A 4ª Turma do Tribunal Regional do Trabalho da 15ª Região (TRT-15) acatou recurso do Ministério Público do Trabalho (MPT) e condenou a Clealco Açúcar e Álcool ao pagamento de R$ 500 mil por danos morais coletivos durante um processo que apura irregularidades em operações terceirizadas no transporte de cana. Cabe recurso ao Tribunal Superior do Trabalho (TST). Em nota, a Clealco informou que "teve ciência da decisão e, apesar de respeitá-la, não concorda com a mesma, mesmo porque o tema está sendo discutido no Congresso e já foi aprovado na Câmara dos Deputados". "Dentro dos limites da legalidade a empresa recorrerá", relatou.
Além de reformar a decisão da primeira instância, de não aplicar a multa por danos morais, o TRT-15 manteve as outras determinações da Vara do Trabalho de Tupã (SP) e obrigou a Clealco a encerrar gradualmente o transporte terceirizado de cana-de-açúcar, com uma redução anual de 25%, com multa de R$ 3 mil por dia, limitada ao total de R$ 1 milhão caso descumpra a decisão. A Clealco não poderá efetuar quaisquer novas admissões para o transporte de cana de empresas terceirizadas, com multa diária de R$ 1 mil, limitada a R$ 500 mil.
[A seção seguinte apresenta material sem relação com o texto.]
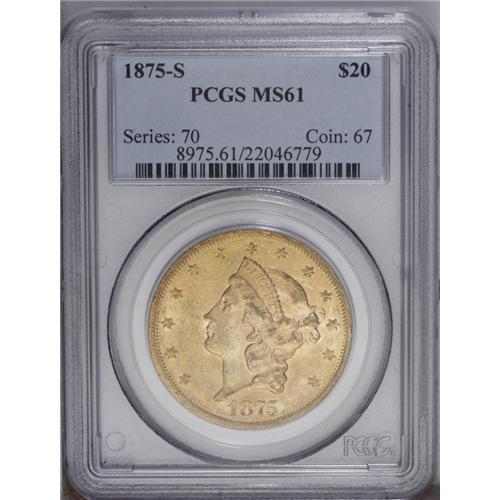 <B>1875-S $20 MS61 PCGS.</B></I> Deep red-gold coloration adorns the bright, exceedingly frosty surfaces of this moderately marked example. Boldly struck, with just a few too many bagmarks to receive a higher grade designation. The '75-S double eagle becomes scarce in higher Mint State grades.
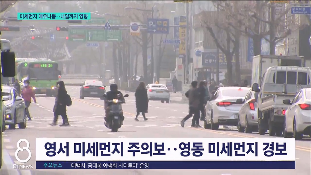강원 미세먼지 '매우나쁨'..내일까지 영향
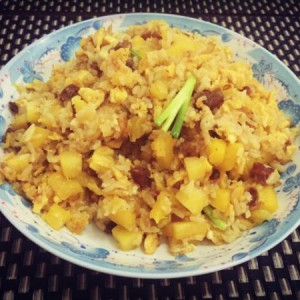 放入米饭翻炒一分钟,加入半瓶椰汁继续翻炒,压碎炒均匀。水快干时即可完工。(太干了上火)
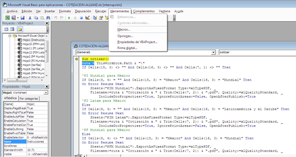 He creado un excel con macros, el cual con un solo botón genera un pdf. La ruta de este pdf supuestamente es la misma donde esté el excel. El problema es que no funciona en todas las maquinas.
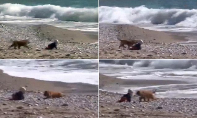 Chú chó thông minh, dũng cảm bảo vệ em bé không lao xuống biển
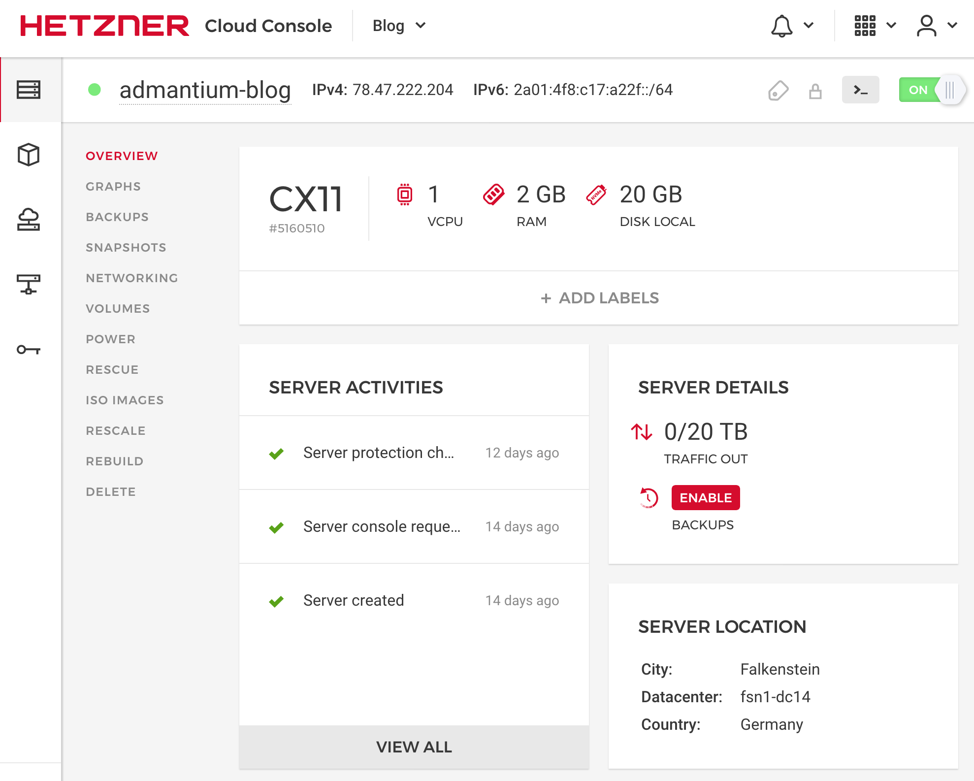 Hetzner is a German cloud computing provider. The reason I choose them is because they have good prices and a very usable Web UI. Furthermore, the have an HTTP API, as well as a CLI tool, Go and Python libraries.
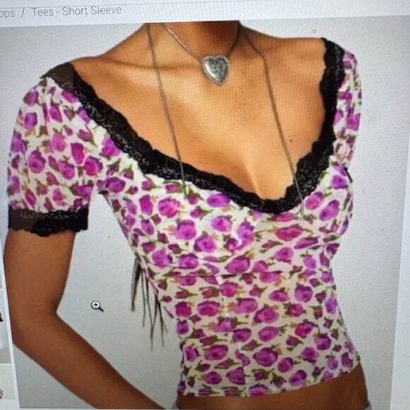 Super cute Kimchi Blue Mesh v-neck top, purple rose print with black lace lining sleeves and collar. Size L, NWOT in excellent, brand new condition, stored in a smoke free home.
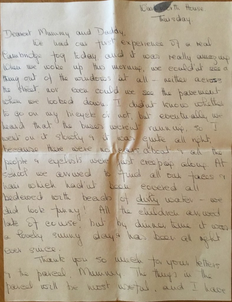 We had our first experience of a real Cambridge fog today and it was really amazing. When we woke up this morning, we couldn’t see a thing out of the windows at all – neither across the street, nor even could we see the pavement when we looked down. I didn’t know whether to go on my bicycle or not, but eventually we heard that the buses weren’t running, so I went on it slowly & it was quite all right, because there were no cars about & all the people & cyclists were just creeping along. At school we arrived to find all our faces & hair which hadn’t been covered all bedewed with beads of dirty water – we did look funny! All the children arrived late of course, but by dinner time it was a lovely sunny day & has been all right ever since.
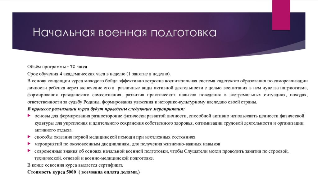 Объём программы - 72 часа Срок обучения 4 академических часа в неделю (1 занятие в неделю). В основу концепции курса молодого бойца эффективно встроена воспитательная система кадетского образования по самореализации личности ребенка через включение его в различные виды активной деятельности с целью воспитания в нем чувства патриотизма, формирования гражданского самосознания, развития практических навыков поведения в экстремальных ситуациях, походах, ответственности за судьбу Родины, формирования уважения к историко-культурному наследию своей страны. В процессе реализации курса будут проведены следующие мероприятия: основы для формирования разносторонне физически развитой личности, способной активно использовать ценности физической культуры для укрепления и длительного сохранения собственного здоровья, оптимизации трудовой деятельности и организации активного отдыха. способы оказания первой медицинской помощи при неотложных состояниях мероприятий по околовоенным дисциплинам, для получения жизненно-важных навыков современные знания об основах начальной военной подготовки, чтобы Слушатели могли проводить занятия по строевой, технической, огневой и военно-медицинской подготовке. В конце освоения курса выдается сертификат. Стоимость курса 5000 ( возможна оплата долями.)
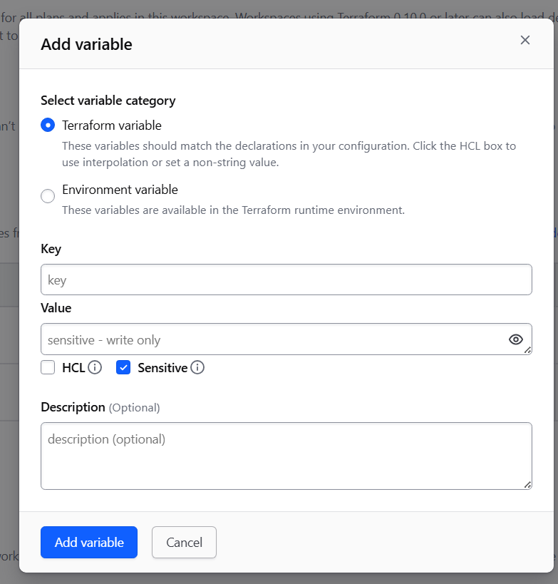하나 짚고 넘어갈 점은, AWS 리소스에 접근하기 위해 액세스 키를 워크스페이스 변수로 직접 등록했다는 사실이다. 직접 사용하는데에는 문제가 없지만, 이러한 장기 자격증명은 관리 부담이 크기 때문에, 가능하다면 임시 자격증명 방식을 활용하는 것이 더욱 바람직할 것이다.

Além disso, a companhia terá de limitar a duas horas extras por dia a jornada de trabalhadores no faturamento e em balanças, concedendo intervalos para descanso e alimentação de ao menos uma hora. A Clealco deve regularizar a jornada desses funcionários 30 dias após a publicação da decisão e ainda deve cumprir imediatamente a obrigação de não contratar motoristas terceirizados.
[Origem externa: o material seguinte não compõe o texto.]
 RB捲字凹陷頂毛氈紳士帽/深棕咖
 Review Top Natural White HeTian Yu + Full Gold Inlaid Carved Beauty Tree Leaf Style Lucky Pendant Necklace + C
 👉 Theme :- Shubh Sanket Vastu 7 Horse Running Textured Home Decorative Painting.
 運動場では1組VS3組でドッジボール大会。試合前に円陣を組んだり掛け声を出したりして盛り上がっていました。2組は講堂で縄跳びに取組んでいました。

As irregularidades foram apuradas pelo MPT em Bauru (SP). Segundo o procurador José Fernando Ruiz Maturana, além das condições precárias de segurança aos motoristas, a companhia mantinha os terceirizados "em esquema de subordinação direta, uma vez que desempenham as tarefas sob o comando de empregados da própria usina", informou.
"A usina chega ao ponto de determinar o número de viagens, o tempo de horário de refeição, o momento do reabastecimento do caminhão, dentre outras", completou Maturana. Segundo o MPT, a Súmula nº 331 do TST permite a terceirização de atividade-meio e no entendimento do procurador o transporte de cana representa atividade habitual e permanente da usina, enquadrada como atividade-fim.